* [Action item]
Exact repetition of a range: find the line containing "Тепловоз ЧМЭ3-1148 с грузовыми вагонами." and the line containing "Altın Kaplama Gümüş" in the material below, then repeat both and all lines between them, leaving pictures out.

* [Materials provided]

^^^^^^^^

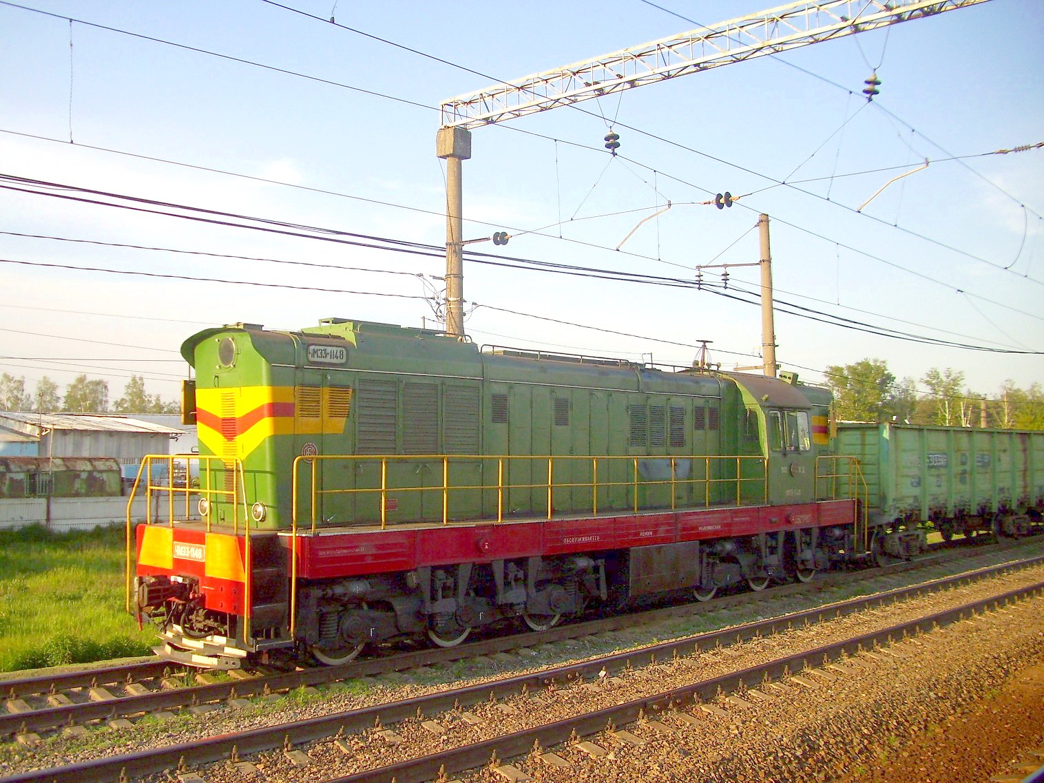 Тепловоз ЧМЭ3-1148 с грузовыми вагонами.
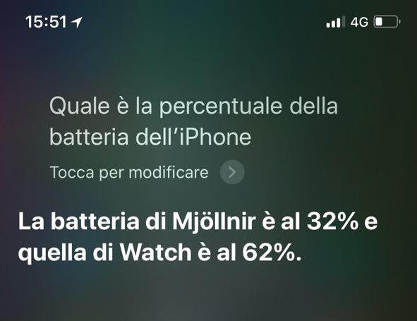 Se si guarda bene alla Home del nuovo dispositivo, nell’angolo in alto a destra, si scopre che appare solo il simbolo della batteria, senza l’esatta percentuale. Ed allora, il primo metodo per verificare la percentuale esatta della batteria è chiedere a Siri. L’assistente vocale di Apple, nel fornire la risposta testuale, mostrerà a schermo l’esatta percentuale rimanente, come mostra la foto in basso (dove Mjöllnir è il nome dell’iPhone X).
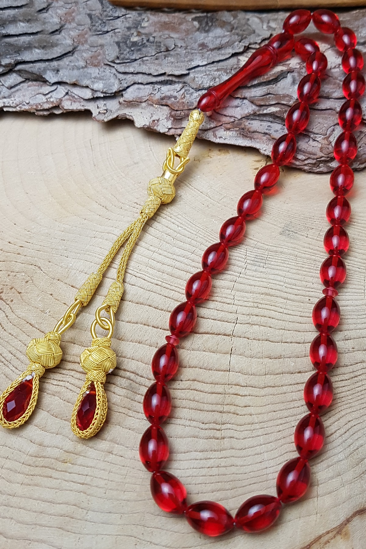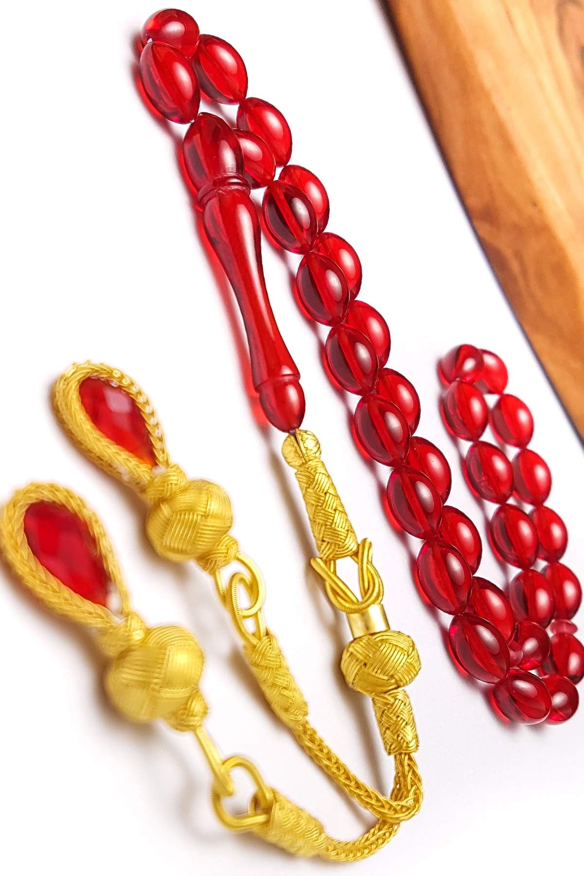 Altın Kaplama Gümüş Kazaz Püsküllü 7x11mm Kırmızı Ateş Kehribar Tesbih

^^^^^^^^

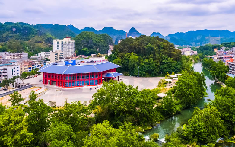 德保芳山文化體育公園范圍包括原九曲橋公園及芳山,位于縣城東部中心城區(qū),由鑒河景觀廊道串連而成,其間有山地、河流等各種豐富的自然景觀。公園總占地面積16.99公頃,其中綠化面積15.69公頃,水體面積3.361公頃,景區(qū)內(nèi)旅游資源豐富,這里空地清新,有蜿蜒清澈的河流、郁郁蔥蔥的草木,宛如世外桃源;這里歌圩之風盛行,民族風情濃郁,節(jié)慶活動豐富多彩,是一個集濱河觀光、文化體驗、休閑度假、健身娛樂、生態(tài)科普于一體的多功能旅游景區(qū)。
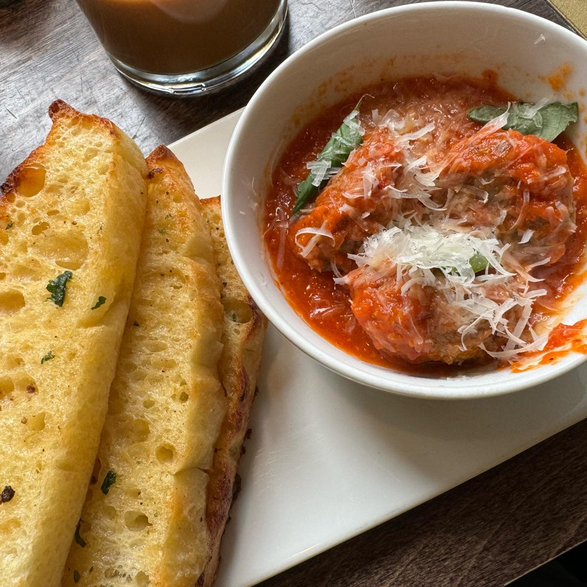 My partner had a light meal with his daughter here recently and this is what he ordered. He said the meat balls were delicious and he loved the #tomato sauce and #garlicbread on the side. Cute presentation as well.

^^^^^^^^

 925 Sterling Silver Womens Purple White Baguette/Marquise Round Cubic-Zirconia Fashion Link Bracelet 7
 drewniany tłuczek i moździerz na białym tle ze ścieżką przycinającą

^^^^^^^^

* [Answer below]
 Тепловоз ЧМЭ3-1148 с грузовыми вагонами.
 Se si guarda bene alla Home del nuovo dispositivo, nell’angolo in alto a destra, si scopre che appare solo il simbolo della batteria, senza l’esatta percentuale. Ed allora, il primo metodo per verificare la percentuale esatta della batteria è chiedere a Siri. L’assistente vocale di Apple, nel fornire la risposta testuale, mostrerà a schermo l’esatta percentuale rimanente, come mostra la foto in basso (dove Mjöllnir è il nome dell’iPhone X).
 Altın Kaplama Gümüş Kazaz Püsküllü 7x11mm Kırmızı Ateş Kehribar Tesbih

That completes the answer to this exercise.